_Your goal:_ Set down each line of the material that follows exactly, and leave its pictures out.

_Data section:_
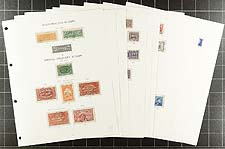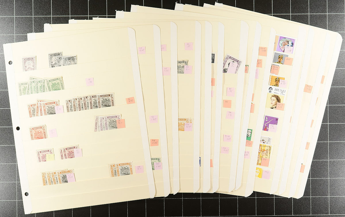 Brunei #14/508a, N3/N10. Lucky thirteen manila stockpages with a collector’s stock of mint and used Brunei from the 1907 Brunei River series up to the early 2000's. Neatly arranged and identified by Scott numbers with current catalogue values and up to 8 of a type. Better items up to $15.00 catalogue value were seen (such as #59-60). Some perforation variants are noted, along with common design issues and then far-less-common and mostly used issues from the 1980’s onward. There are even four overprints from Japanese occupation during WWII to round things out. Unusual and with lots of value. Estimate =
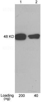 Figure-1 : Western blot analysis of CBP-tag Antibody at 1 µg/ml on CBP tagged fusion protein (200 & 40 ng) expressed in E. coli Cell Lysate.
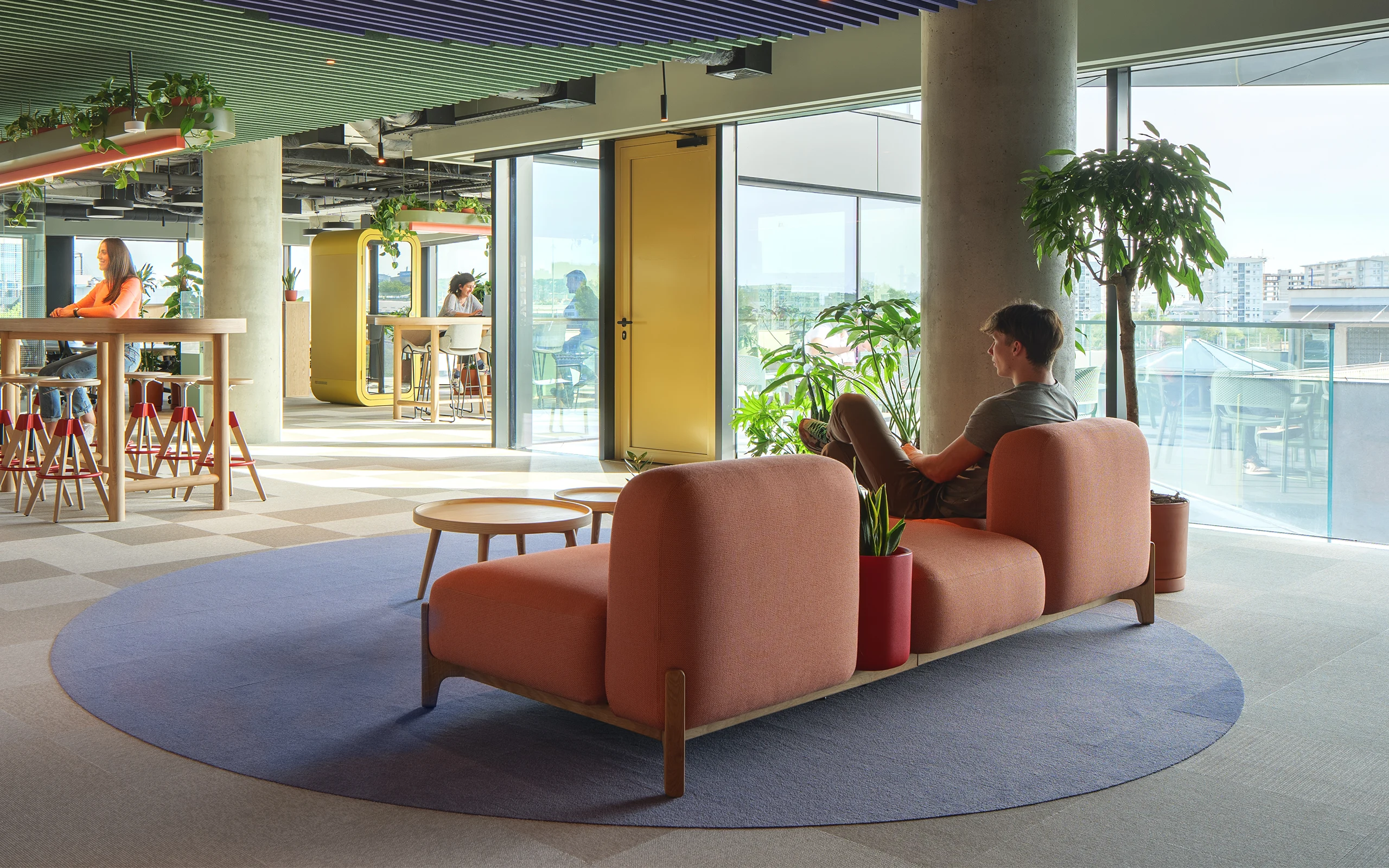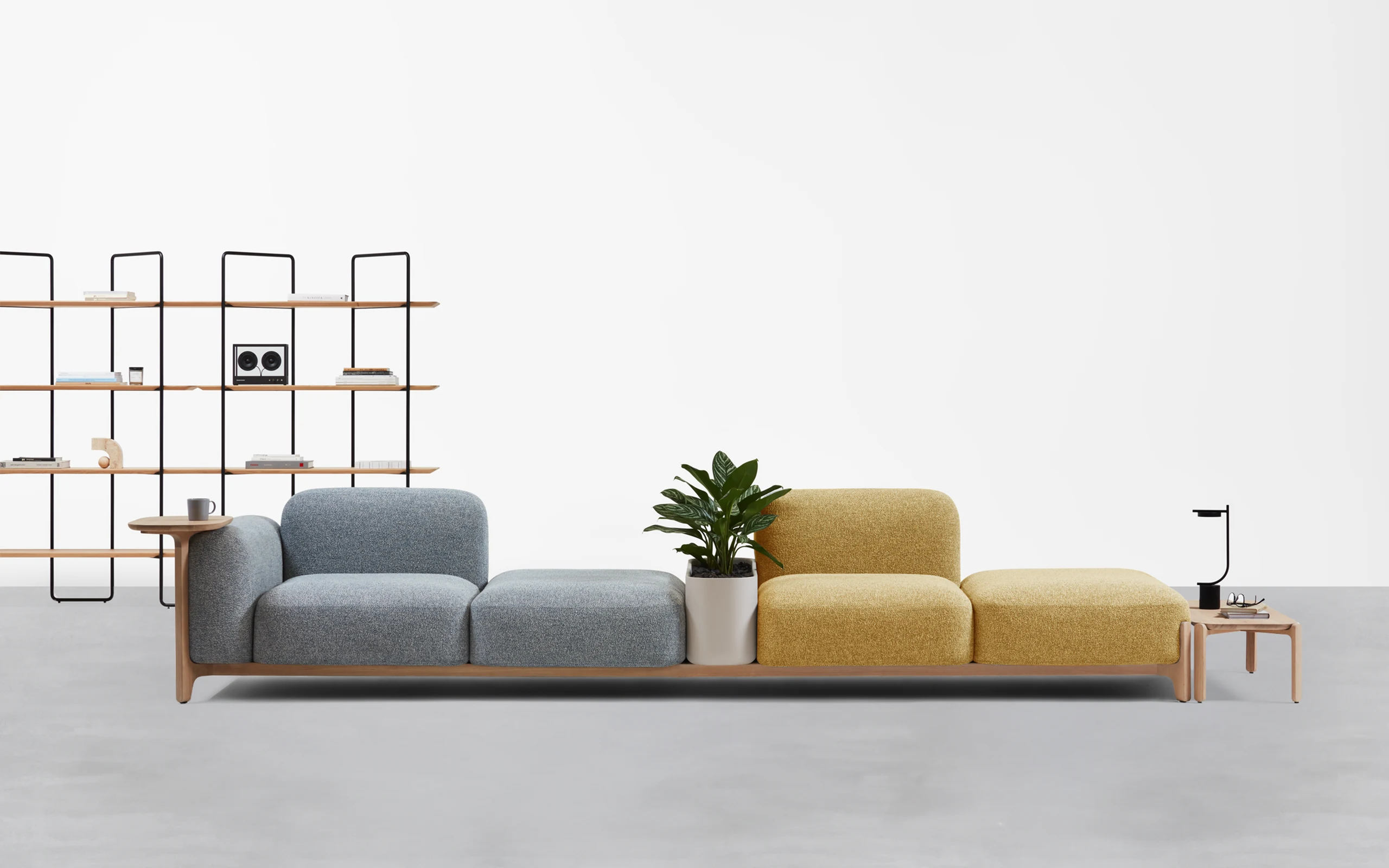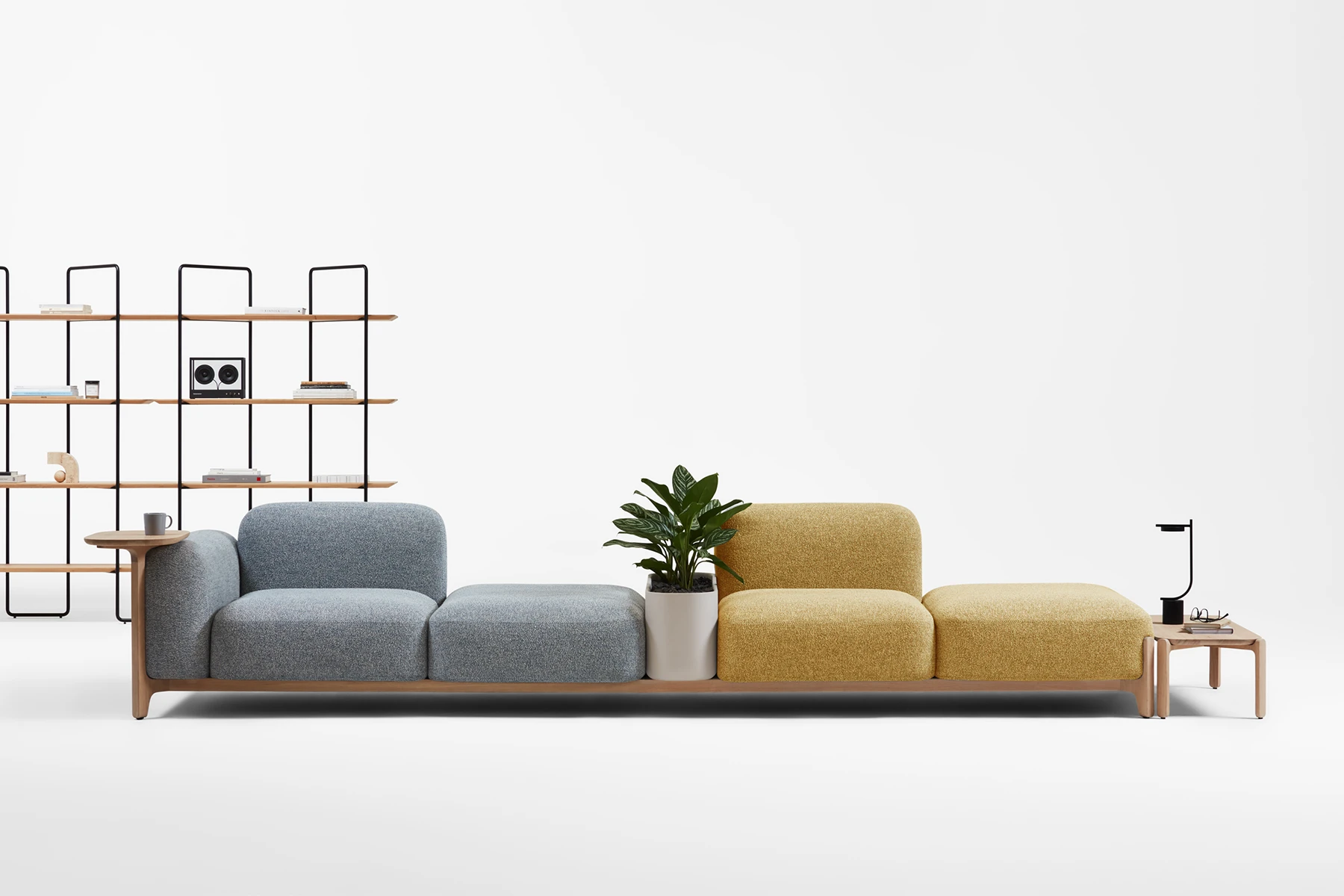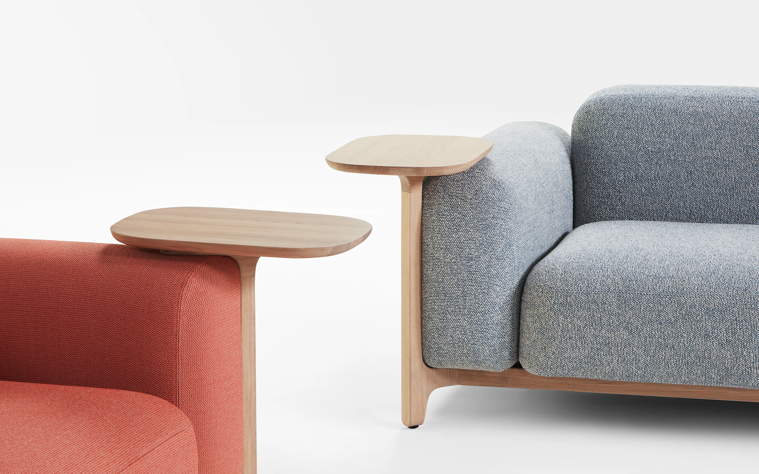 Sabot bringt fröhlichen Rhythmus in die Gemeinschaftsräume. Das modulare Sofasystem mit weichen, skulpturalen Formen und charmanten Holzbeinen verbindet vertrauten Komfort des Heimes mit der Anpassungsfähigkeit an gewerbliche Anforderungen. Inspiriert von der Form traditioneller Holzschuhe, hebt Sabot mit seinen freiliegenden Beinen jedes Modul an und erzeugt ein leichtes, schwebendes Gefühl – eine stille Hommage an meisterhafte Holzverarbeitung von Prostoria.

_Output of the exercise:_
 Brunei #14/508a, N3/N10. Lucky thirteen manila stockpages with a collector’s stock of mint and used Brunei from the 1907 Brunei River series up to the early 2000's. Neatly arranged and identified by Scott numbers with current catalogue values and up to 8 of a type. Better items up to $15.00 catalogue value were seen (such as #59-60). Some perforation variants are noted, along with common design issues and then far-less-common and mostly used issues from the 1980’s onward. There are even four overprints from Japanese occupation during WWII to round things out. Unusual and with lots of value. Estimate =
 Figure-1 : Western blot analysis of CBP-tag Antibody at 1 µg/ml on CBP tagged fusion protein (200 & 40 ng) expressed in E. coli Cell Lysate.
 Sabot bringt fröhlichen Rhythmus in die Gemeinschaftsräume. Das modulare Sofasystem mit weichen, skulpturalen Formen und charmanten Holzbeinen verbindet vertrauten Komfort des Heimes mit der Anpassungsfähigkeit an gewerbliche Anforderungen. Inspiriert von der Form traditioneller Holzschuhe, hebt Sabot mit seinen freiliegenden Beinen jedes Modul an und erzeugt ein leichtes, schwebendes Gefühl – eine stille Hommage an meisterhafte Holzverarbeitung von Prostoria.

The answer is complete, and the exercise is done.